▸ DATASET SECTION:
--- START ---
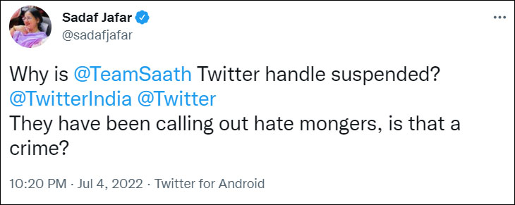 National Coordinator of All India Mahila Congress and riots accused Sadaf Jafar said, “Why is Team Saath handle suspended? They have been calling out hate mongers, is that a crime?”
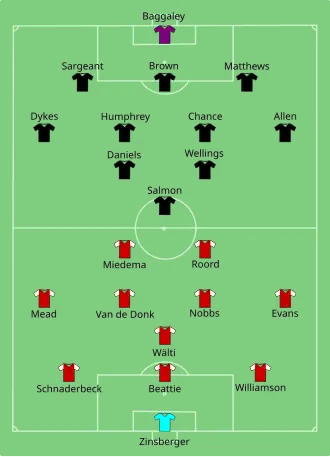 Neither team made personnel changes during half time.[1] Six minutes into the second half Daniëlle van de Donk passed the ball to Miedema, who took a shot with her right foot from the centre of the penalty area that landed just inside the goal.[1][31] Nobbs became the fourth goalscorer of the game three minutes later when she sprinted into the penalty area to shoot from a long pass from Miedema, making the score 7–0.[1][32] Miedema and Evans then set each other up for the goals that followed.[1] First, Evans assisted Miedema with a pass from the edge of the penalty area, who, after a short run, scored Arsenal's eighth.[1][33] Next, on the hour mark, Miedema's chip over the defence set up Evans for her second goal of the day, bringing the score to 9–0.[1][2] Four minutes later Miedema scored her sixth goal (and completed her second hat-trick) to send Arsenal into double figures. When she was substituted out of the game after seventy minutes, she received a standing ovation.[1][34] Her replacement, Emma Mitchell, scored the home team's final goal of the day after a pass from Mead, making the score 11–0.[1] Bristol City were awarded a late penalty after their Belgian international striker Daniëls was fouled by Arsenal's goalkeeper Zinsberger in the penalty area. Zinsberger had been dispossessed by Daniëls while she was trying to pass the ball away. Zinsberger initially saved Daniëls's penalty kick, but Daniëls was able to get to the rebound first and score the last goal of the match, giving Bristol City a consolation goal. The final score was 11–1.[1][35] By the end of the game, Arsenal had taken thirty-four shots, an average of one about every three minutes.[1][36]
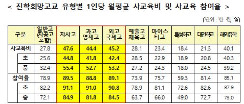 진학희망고등학교 유형별로 학생 1인당 월평균 사교육비를 보면, 초등학생, 중학생 모두 일반고에 비해서 자사고, 특목고 진학을 희망할수록 더 많은 금액을 지출하는 것으로 나타났으며, 사교육 참여율도 높은 것으로 나타났다.
--- END ---
▸ GOAL OF THE EXERCISE:
Output the data exactly as it appears. The pictures do not belong in it.

▸ PROBLEM SOLUTION:
 National Coordinator of All India Mahila Congress and riots accused Sadaf Jafar said, “Why is Team Saath handle suspended? They have been calling out hate mongers, is that a crime?”
 Neither team made personnel changes during half time.[1] Six minutes into the second half Daniëlle van de Donk passed the ball to Miedema, who took a shot with her right foot from the centre of the penalty area that landed just inside the goal.[1][31] Nobbs became the fourth goalscorer of the game three minutes later when she sprinted into the penalty area to shoot from a long pass from Miedema, making the score 7–0.[1][32] Miedema and Evans then set each other up for the goals that followed.[1] First, Evans assisted Miedema with a pass from the edge of the penalty area, who, after a short run, scored Arsenal's eighth.[1][33] Next, on the hour mark, Miedema's chip over the defence set up Evans for her second goal of the day, bringing the score to 9–0.[1][2] Four minutes later Miedema scored her sixth goal (and completed her second hat-trick) to send Arsenal into double figures. When she was substituted out of the game after seventy minutes, she received a standing ovation.[1][34] Her replacement, Emma Mitchell, scored the home team's final goal of the day after a pass from Mead, making the score 11–0.[1] Bristol City were awarded a late penalty after their Belgian international striker Daniëls was fouled by Arsenal's goalkeeper Zinsberger in the penalty area. Zinsberger had been dispossessed by Daniëls while she was trying to pass the ball away. Zinsberger initially saved Daniëls's penalty kick, but Daniëls was able to get to the rebound first and score the last goal of the match, giving Bristol City a consolation goal. The final score was 11–1.[1][35] By the end of the game, Arsenal had taken thirty-four shots, an average of one about every three minutes.[1][36]
 진학희망고등학교 유형별로 학생 1인당 월평균 사교육비를 보면, 초등학생, 중학생 모두 일반고에 비해서 자사고, 특목고 진학을 희망할수록 더 많은 금액을 지출하는 것으로 나타났으며, 사교육 참여율도 높은 것으로 나타났다.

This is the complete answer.